Corrió sin rumbo, después de cruzar la rue de la Régence hacia la place du Gran Sablon donde en aquel momento se estaba iluminando la fachada de Nótre Dame du Sablon, una iglesia gótico-flamenca que era uno de los orgullos de la ciudad.
Cuando regresó a su apartamento estaba extenuada; se preguntaba por qué no se sentía feliz: quería casarse con Salim, sabía que su destino estaba unido al de aquel hombre, pero la petición de matrimonio la había apesadumbrado, sin que ello supusiera ni por un momento que cuestionara la idea de casarse con él. Lo haría, en realidad ya no se pertenecía a ella misma, lo había descubierto aquella noche en Roma cuando él la hizo sentirse poco menos que un guiñapo; desde entonces no había conseguido recuperar su autoestima; por eso no lograba sentirse feliz ni aun sabiendo que él la quería.
35
Su madre había cocinado un cuscús de cordero ayudada por la silenciosa Fátima.
Su padre había pedido a Laila que aquel sábado no saliera de casa y diera la bienvenida, junto al resto de la familia, a su primo.

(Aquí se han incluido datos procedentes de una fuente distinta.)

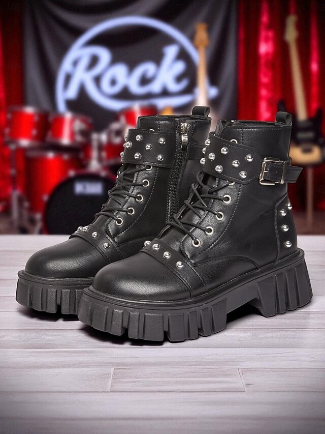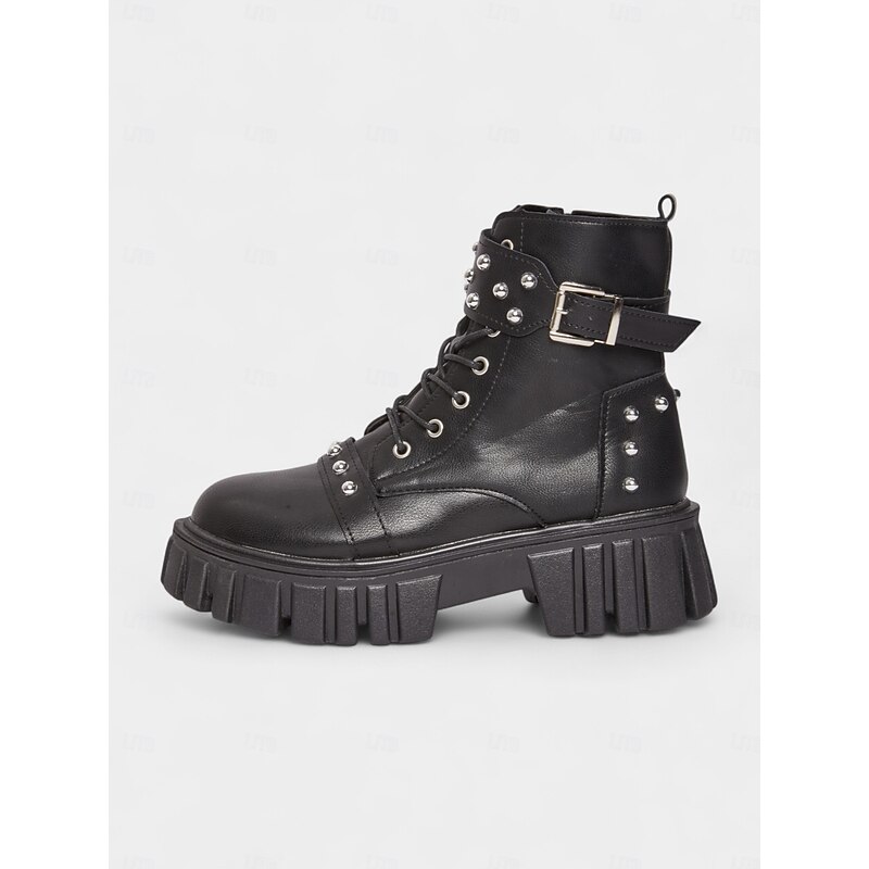 Women's Black Faux Leather Studded Biker Boots with Chunky Platform Sole, Side Zipper & Buckle Strap - Punk Style Ankle Boots for Teens and Women, Ideal for Concerts, Streetwear & Nightlife Outfits 1
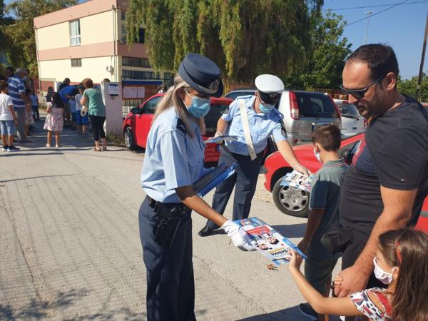 Ενημερωτικά φυλλάδια κυκλοφοριακής αγωγής και οδικής ασφάλειας μοίρασαν σήμερα (14 Σεπτεμβρίου 2020) το πρωί αστυνομικοί, σε μικρούς μαθητές και γονείς κατά την προσέλευση τους στα σχολικά συγκροτήματα των Ιωαννίνων, της Άρτας, της Πρέβεζας και της Θεσπρωτίας.
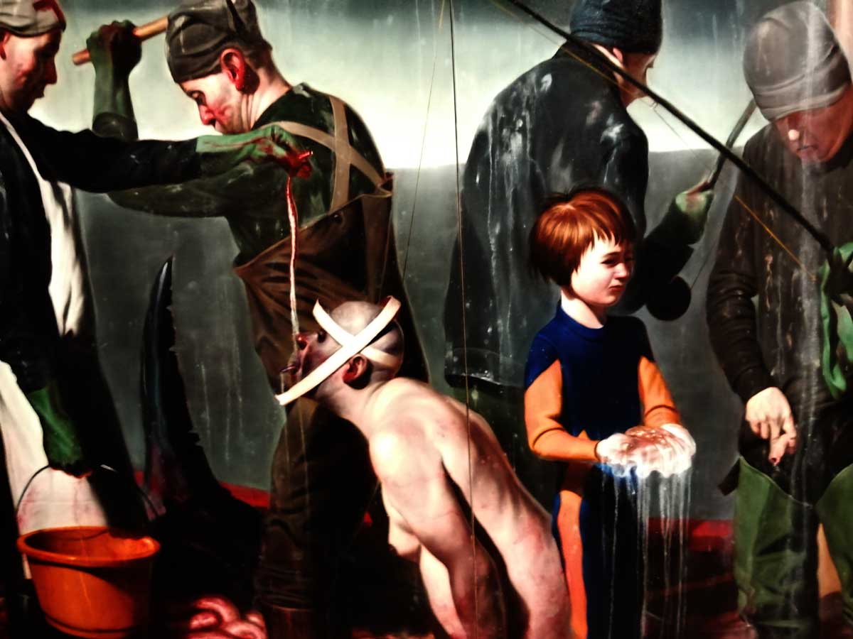 Unsettling? I’m not sure if that is the over riding emotion, but then am I making the mistake of looking at it all from the point of view of a painter? Should I park that outside (can I?) and read it as everyone else would? is that possible? “Ken Currie is renowned for his unsettling portrayal of the human figure”. is it unsettling? Ii is awe inspiring. Is the ambition, the scale, the sheer boldness the thing here? Or is it the richness of colour, those reds, those reds! But then you do look. you do start to (try to) read the faces, the relationships, the reality, the unreality, the being alone and at sea, the grandiose demands made, that he makes.

Mohamed había temido que su hermana se negara, pero parecía haber aceptado de buen grado participar en aquella cena familiar.
Mustafa llegó a media tarde con una maleta pequeña como todo equipaje, a pesar de que aseguraba que quería probar suerte en España.
– Aquí las cosas no son fáciles -le aseguró Mohamed-, cada día están más duros con los papeles; además son unos racistas, prefieren a los suramericanos porque son cristianos como ellos.
El padre de Mohamed aseguró a Mustafa que harían lo imposible por ayudarle y que podía quedarse a vivir con ellos el tiempo que fuera necesario.
– Eres hijo de mi hermano, sangre de mi propia sangre, y ésta es tu casa. No tenemos lujos, pero sí algunas comodidades.
Mustafa les entretuvo contándoles las últimas novedades que se habían producido en la familia: bodas, defunciones, bautizos, trabajos… lo mezclaba todo mientras daba buena cuenta del cuscús servido por la esposa de su tío.
– Y tú, Laila, ¿siempre comes con los hombres? -preguntó de improviso a su prima.